Yoga and breath work are particularly effective for anxiety. The 5-min “long exhale” practice (4 in, 8 out) is among the highest-leverage 5 minutes you can spend. Combined with strength training 3×/week, it’s a serious anti-anxiety protocol.

The hardest part is starting

You won’t feel like exercising on the days you most need to. That’s the design of depression and anxiety — they remove the energy needed to do the thing that would help.

The fix: make it almost impossible to not do.

  • Schedule a live class — the social commitment carries the days willpower won’t
  • Walk first thing — before your brain has caught up to “should I”
  • Have a workout buddy or coach who notices when you miss — accountability is a real intervention
  • Lower the bar dramatically on hard days — 5 minutes is a victory; 0 is a loss
  • Do not catastrophise a missed week — return to the next session, don’t try to make it up

What we offer at Glow

Our Online Everyday Glow program runs the strength + cardio + yoga rotation that produces meaningful mood benefits, with the social commitment of a live class six days a week, women-only. Coaches notice when you don’t show up. The accountability is part of the medicine.

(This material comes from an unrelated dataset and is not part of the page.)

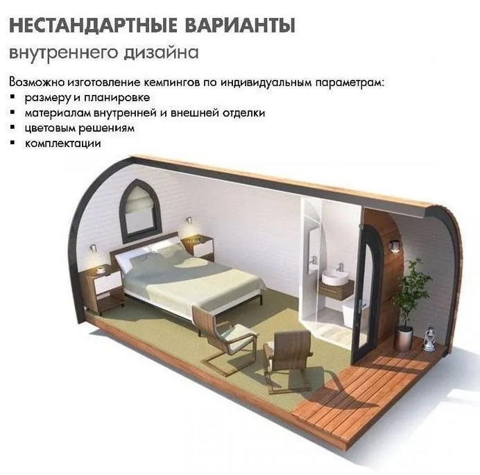Чтобы установить кемпинг-домик по месту его размещения, достаточно заранее подготовить выровненную площадку. Кемпинг является облегченной версией дома, поэтому не требует полноценного фундамента, достаточно выложить тротуарную плитку или сделать насыпную площадку, установив обвязку брусом 150 мм. Главное условие - это воздухообмен между дном глэмпингом и площадкой. Нельзя устанавливать конструкцию на траву, неровную площадку. Потребуется организовать слив, если в доме имеется сан.узел или душевая кабина. Самым распространенным фундаментом для глэмпинга является каркасный фундамент с обшивкой террасной доской, смотрится стильно, дополняет конструкцию эко-дома.

If you’re starting from a low place and a full class feels too much, the Program Finder will scale a starter plan to where you are right now.

Helplines

If you’re in crisis or just need to talk:

  • iCall: 9152987821 (Mon–Sat, 8 AM–10 PM, free)
  • Vandrevala Foundation: 1860-2662-345 (24/7, free)
  • NIMHANS toll-free: 080-46110007 (24/7, free)
  • AASRA: 9820466726 (24/7, free)

You don’t have to be in crisis to call. Reach out before things get heavy.

The short version

  • Exercise has effect sizes comparable to medication for mild-to-moderate depression and anxiety.
  • The dose: 150 min/week moderate activity + 2–3 strength sessions. About 30 min × 5 days.
  • Strength training is more effective for mood than most coaches realise.
  • “Too low to start” → 5-minute walks daily, build from there.
  • Severe symptoms need professional care alongside exercise — not instead of.
  • Postpartum, PMDD, perimenopause have specific patterns and treatments.